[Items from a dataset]
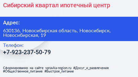 Сибирский квартал, ипотечный центр по адресу 630136, Новосибирская область, Новосибирск, Новосибирская, 19 в дальнейшем Организация, размещена в следующих категориях:
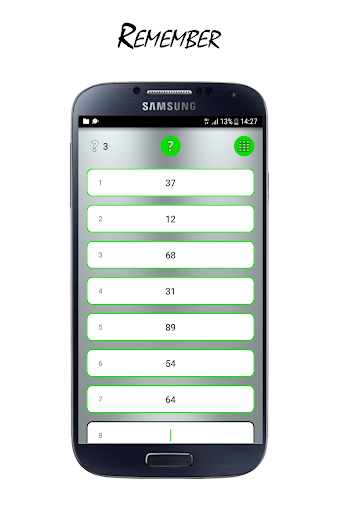 2) Remembering all numbers at once - memory training in this mode imitates situations when access to a unit of information is not limited.
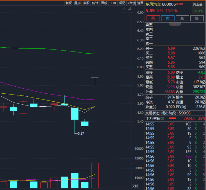 另外,今日,在大盘调整的背景下,东风汽车(600006)逆市涨停,截至收盘,该股封单仍超过22万手。就在当天上午,华为发布消息称,近日,华为与东风汽车集团旗下的高端智慧电动汽车品牌岚图正式签署战略合作协议。
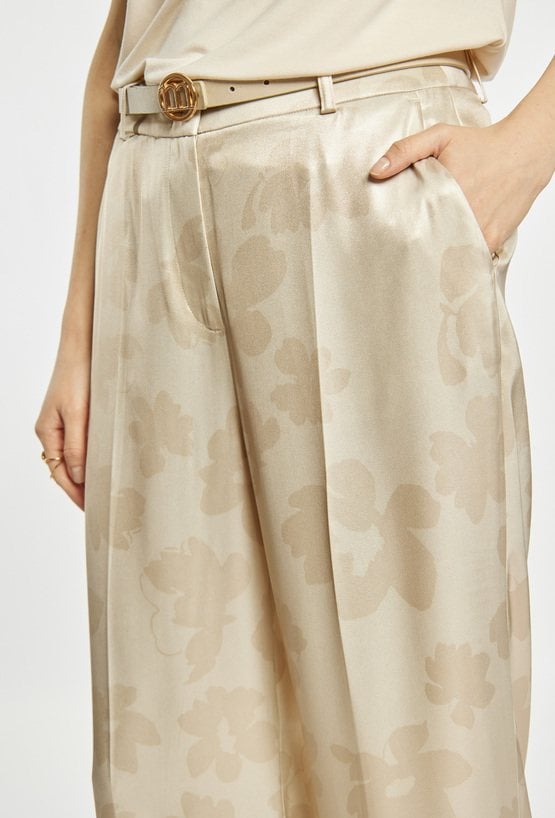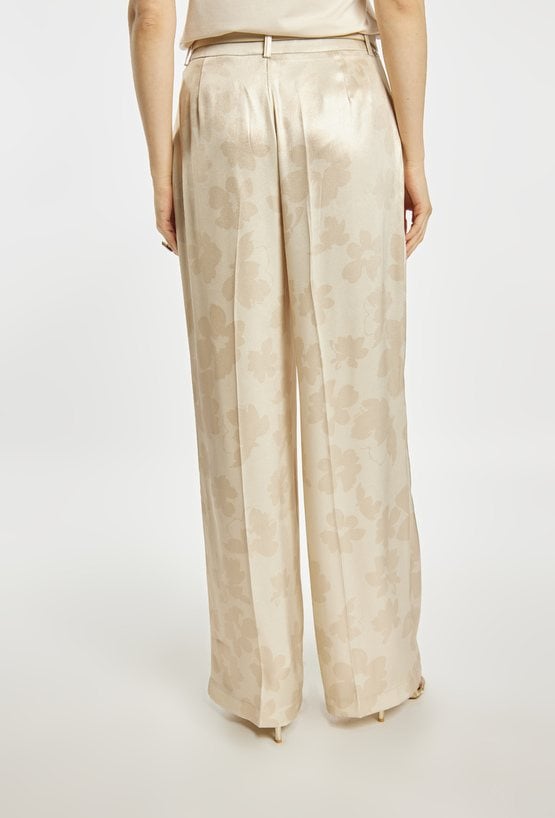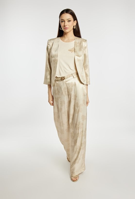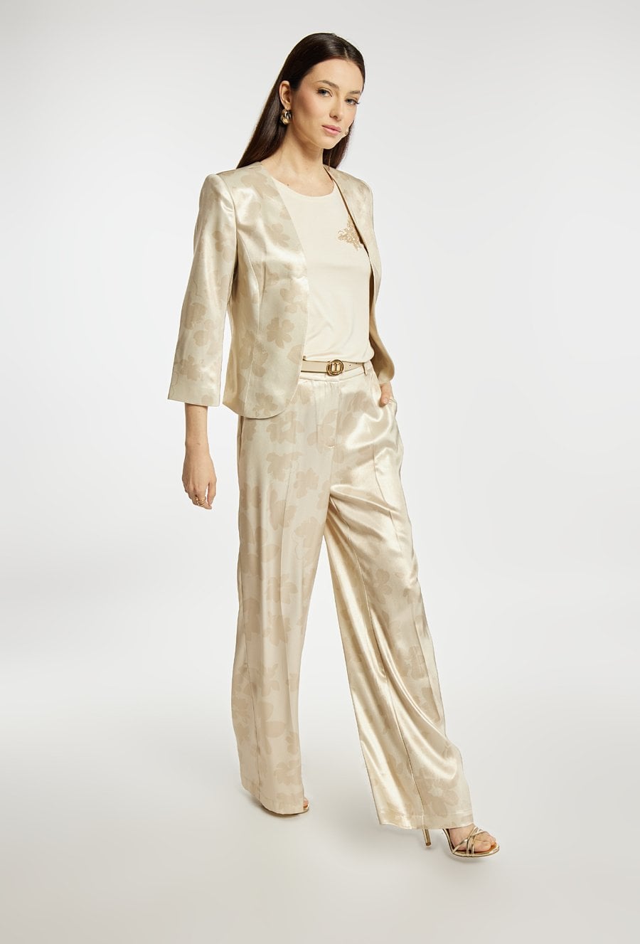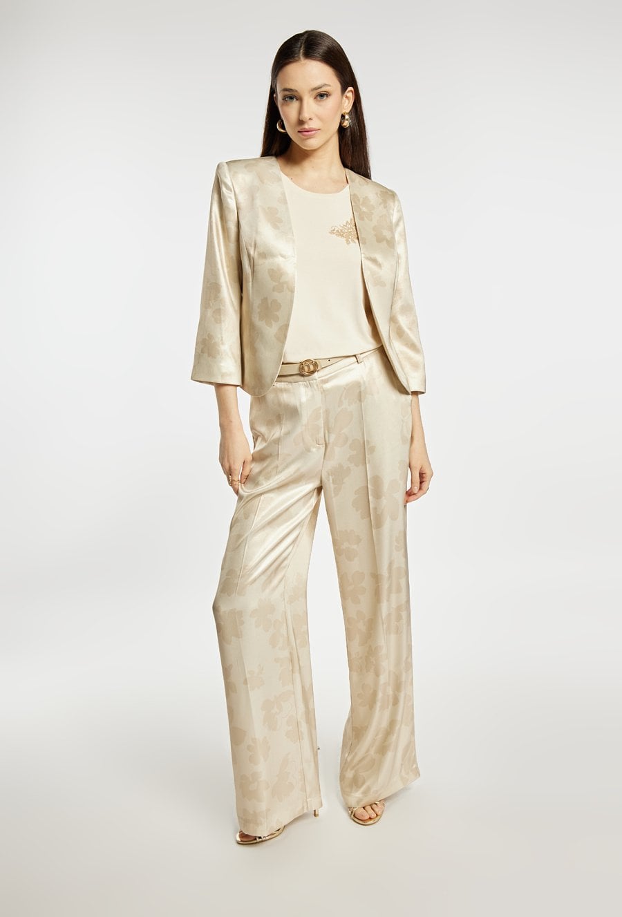 Spodnie o eleganckim, prostym kroju z długą, swobodnie układającą się nogawką. Spodnie wykonane z lekkiej, połyskującej tkaniny z delikatnym, kwiatowym wzorem, który dodaje całości subtelnej elegancji. Polecamy zestawić je z pasującą marynarką, tworząc spójny i stylowy komplet. Kod do marynarki: 26W-BZR0150. Modelka na zdjęciu ma 177 cm wzrostu i prezentuje rozmiar 36.
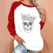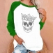 Fashion Contrast Color Long Sleeve Round Neck Skull Head Pattern T-shirt
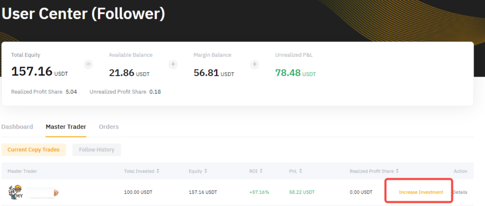 Zvýšenie sumy investície do copy tradingu
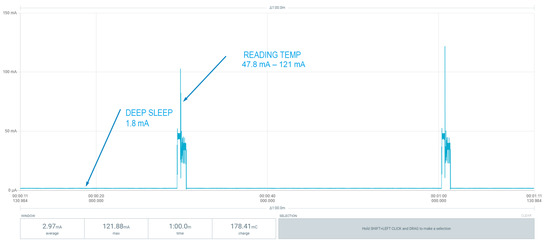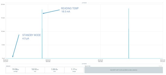 Figure 10 and Figure 11 present the comparison of consumption at the most critical step of the node: the measurement of temperature and sleep state. Both states will be the processes in which the node will normally be and, therefore, will most need to be monitored when predicting the autonomy of the system.
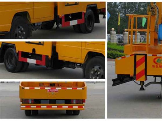 | 整車說明: | 該車吊臂前伸為900mm,作業(yè)高度為14米。選裝二節(jié)工作臂時,作業(yè)高度為12米; 選裝三節(jié)工作臂時,作業(yè)高度為16米;防護材料:Q235A碳鋼,連接方式:左右側(cè)面及后下部防護均采用焊接連接,后部防護斷面尺寸(mm):150×50,后部防護離地高度(mm):400。 | ||
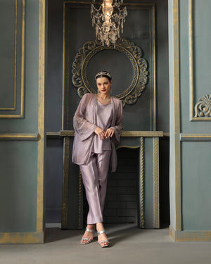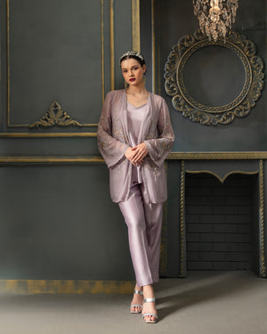 The the pure magic of classic reimagined with our front open organza jacket paired with slim pant of pure chanderi.Delightful handembroidery of stons and crystals enhances the style.
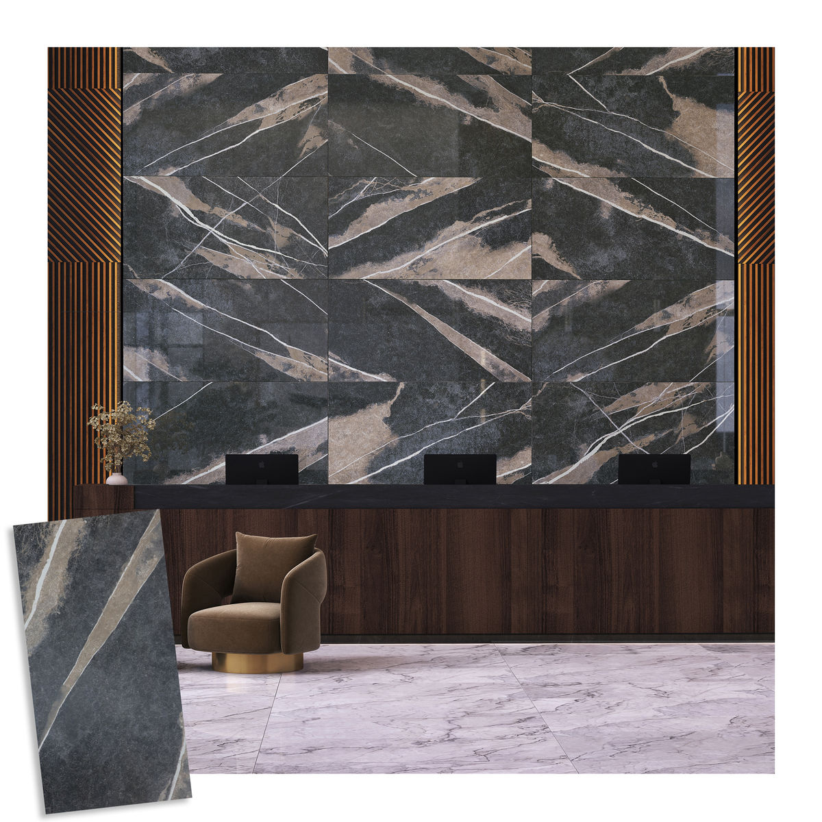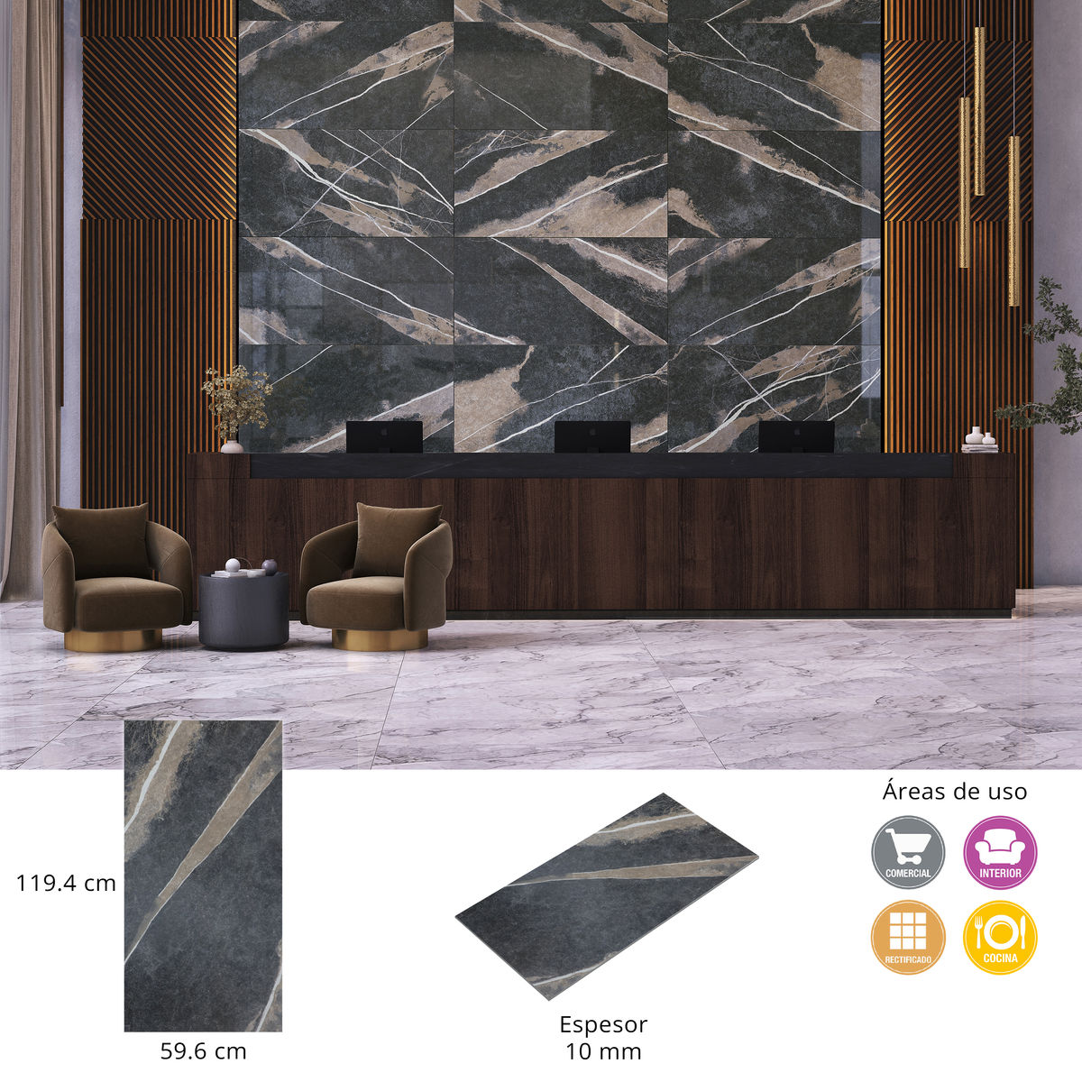 PISO MONTERA 59.6 X 119.4 RECTIFICADO NEGRO CAJA CON 1.42 M2
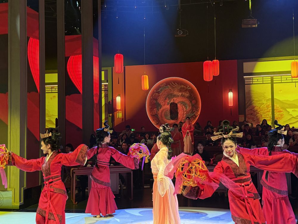 一邊沉浸式觀賞戲劇,一邊品嚐特色美食,元宵節當晚,位於重慶渝中的互動沉浸式餐廳龍鳳呈祥·禧筵餐廳熱鬧非凡。來自浙江的遊客楊女士和家人早早定下了元宵節的位置,“我從網絡平台看到這種沉浸式餐廳模式,感覺很特別。”
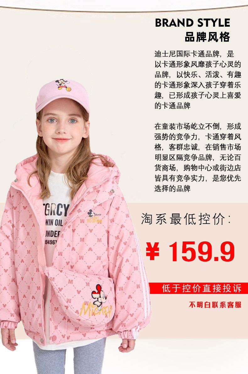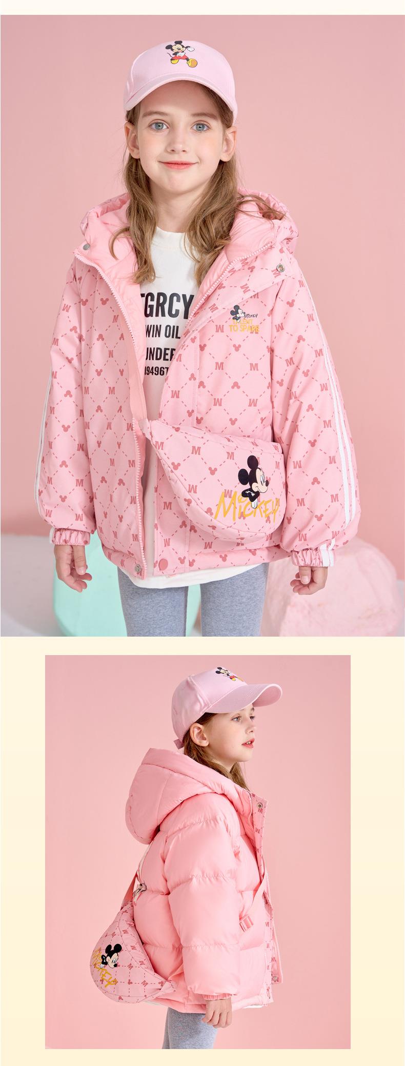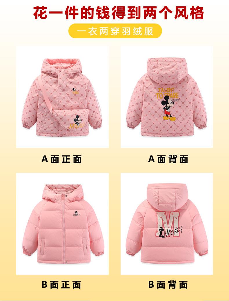 迪士尼儿童双面穿挎包羽绒服冬装2024新款儿童洋气保暖白鸭绒外套
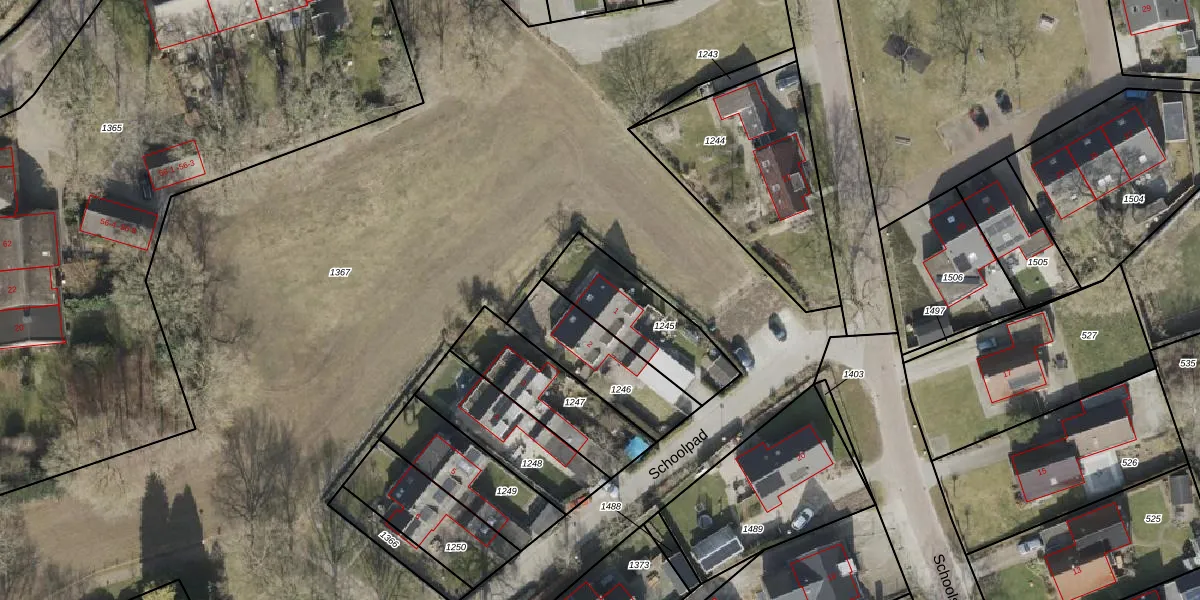 Het perceel waarop Schoolpad 1 staat heeft een oppervlakte van 341 m². Dit is een groot perceel. De perceeloppervlakte wordt geregistreerd door het Kadaster. Gedetailleerde informatie over de maten van dit perceel kunt u vinden in het rapport Kadastrale kaart met maatvoering van Schoolpad 1.
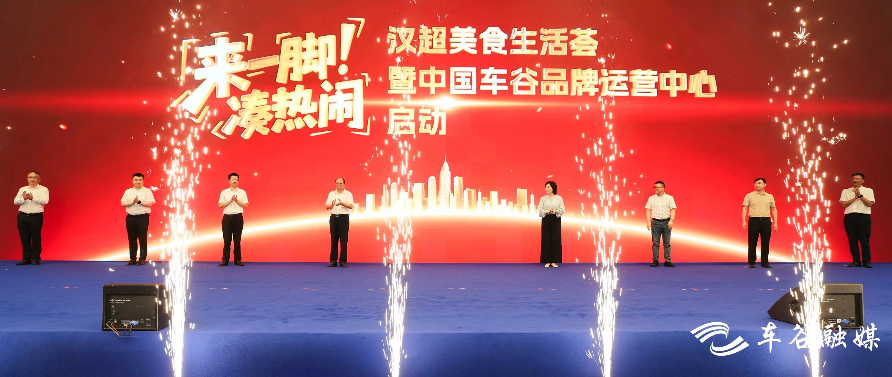 刘子清、李晓燕、雷利军、唐超、刘亮、张俊、潘洪祥、赵颖伟共同启动“来一脚·凑热闹”汉超美食生活荟,见证中国车谷品牌运营中心开业。
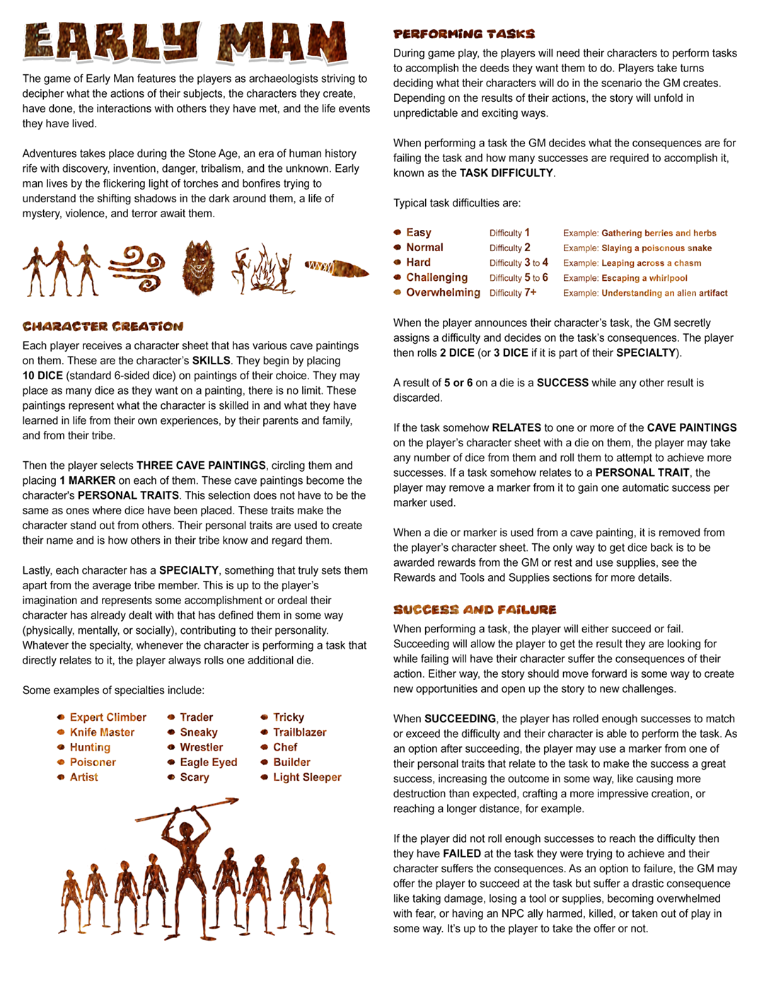 Designed and illustrated an innovative pen and paper role playing game set against the backdrop of the Stone Age. The game features players as "archaeologists" striving to decipher what the actions of their subjects, the characters they create, have done, the interactions with others they have had, and the life events they have lived by interpreting cave paintings.
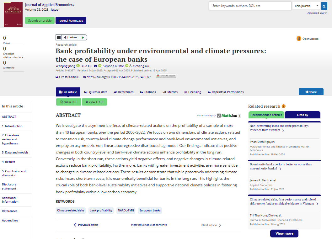 近日,罗马尼亚克鲁日巴比什-波雅依大学在读博士姜文静与HO5HO胡月教授共同研究成果《环境与气候压力下的银行盈利能力:以欧洲银行为例》在国际期刊《Journal of Applied Economics》上发表。
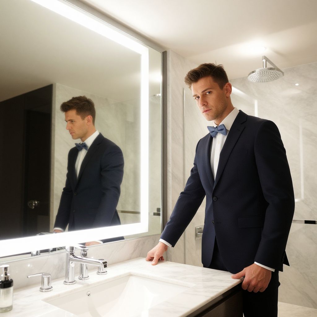 Photograph of a handsome, light-skinned man with short, styled brown hair, wearing a dark navy suit, white dress shirt, and blue bow tie, standing in a modern, well-lit bathroom. He leans on a white marble countertop with his right hand, while his left hand rests on the sink. The large mirror behind him reflects his image, accentuated by bright, rectangular light fixtures along the top edge. A chrome showerhead is visible on the right wall. The bathroom has sleek, white marble tiles and a dark wooden door in the background. The overall style is contemporary and clean.
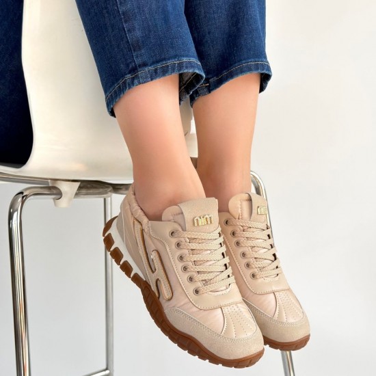 Huer Bej Nubuk Bağcıklı Spor Ayakkabı
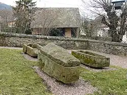 - ↑ « Fontaine du 17e siècle », notice no PA00085690, sur la plateforme ouverte du patrimoine, base Mérimée, ministère français de la Culture.

DESCRIPTION OF THE TASK: The answer must be the lines from the first one in the records through the line containing "2) Remembering all", copied exactly, with no pictures.

ANSWER TO THIS PROBLEM:
 Сибирский квартал, ипотечный центр по адресу 630136, Новосибирская область, Новосибирск, Новосибирская, 19 в дальнейшем Организация, размещена в следующих категориях:
 2) Remembering all numbers at once - memory training in this mode imitates situations when access to a unit of information is not limited.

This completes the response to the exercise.